Churn models to help SA's mobile telcos build loyalty
Is predictive modelling key to understanding customer loyalty? This is the question posed by the South African marketing insight services firm, Knowledge Factory, which argues that predictive modelling techniques are the key to understanding what drives customer loyalty, particularly in the mobile phone sector where number portability has just been introduced in the country.
The introduction of Mobile Number Portability (MNP), which enables South African mobile phone service customers to retain their phone number when changing mobile service provider, is expected to test customer loyalty and trigger far higher levels of churn, as it did in other countries that have already introduced number portability.
Attention to retention But some analysts believe that more than one-quarter of consumers (a predicted 27%) will change networks within one year of the service becoming available, and such predictions have ensured that customer retention is now firmly at the top of the agenda for the country's mobile operators.
"MNP will definitely have an impact and create volatility in the telecoms market," warned Suben Moodley, client services manager for the Knowledge Factory. "But it will simply be an expansion or increase of existing churn propensities."
Moodley acknowledges that, without the artificial hook of losing their number, customers will feel less trapped, but also argues that it will be existing grievances that prompt them to switch providers: "The higher rates of churn will predominantly be from customers with existing complaints or reasons for wanting to move, simply taking advantage of MNP."
What drives churn? Although particularly rife in fiercely competitive industries such as telecoms, customer churn is a significant problem that spares very few companies. The mobile communications industry in particular is largely product driven and price conscious - two traditionally strong reasons for runaway customer churn. But Moodley suggests that the main driver of churn may actually be service delivery, both in terms of customer service and network performance.
"Although it might appear otherwise, with price conscious customers clamouring for the latest and greatest handsets, these reasons tend to cancel themselves out in the age of hyper-consumerism," said Moodley. "And products and service packages are quickly replicated by the competition anyway, so there is no real, enduring advantage from either."
Churn patterns To help companies effectively manage their churn rate, Knowledge Factory uses predictive modelling techniques based on empirical evidence and analytics to help find churn patterns. By combining a variety of mathematical techniques, including artificial neural networks, statistical regression, and decision trees, the company determines the propensity of any individual customer to cease doing business with a company within a given time period.

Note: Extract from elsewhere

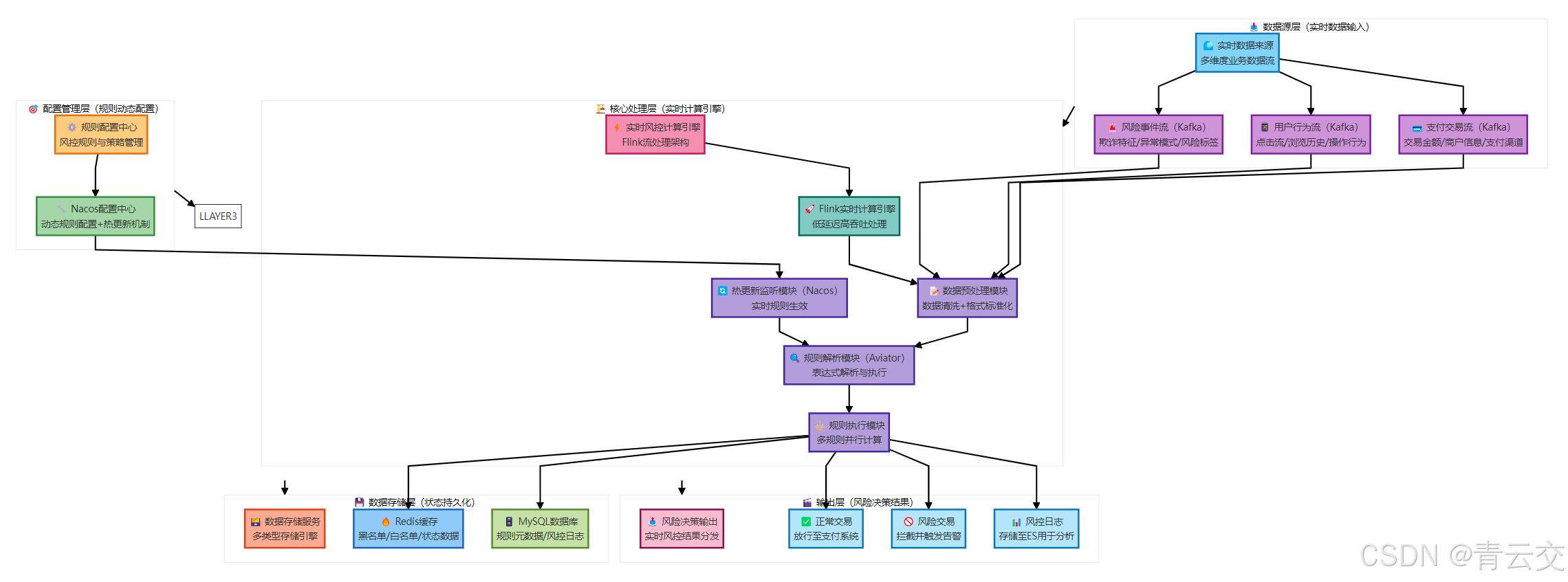 | 稳(高可用) | 系统可用性≥99.99%,规则更新不影响现有交易 | 避免业务中断,保障交易连续性 | 某支付平台因规则热更新 Bug,导致 1 小时内交易无法风控,损失 500 万 |

According to Moodley, the results are often surprising: "You might be under the impression that customers want the latest phones or trendier outlets, but - for example - a large number of those leaving the network may have experienced a considerable number of dropped calls in the past six months."
Data analysis needed Analytical customer management strategies can certainly be helpful for mobile phone network operators because they have unusually rich transactional data, which allows very specific patterns and results to be identified.
"Many operators have recognised this and made significant investments in churn modelling software," explained Moodley, "But many still struggle to get maximum value from their data."
For example, Moodley cites using a network's detailed transactional data to up-sell and cross-sell customers. Apart from reducing churn, this is one of many ways that mobile operators could be using their data to drive greater loyalty and reduce the risk of the churn that will inevitably result from number portability.
"In the end, MNP represents a tremendous opportunity for the network operators," concluded Moodley. "Armed with customer churn modelling techniques, operators can not only ensure they mitigate churn but also take advantage of the volatility for acquisition, making sure that those customers who do move are moving towards them rather than away from them."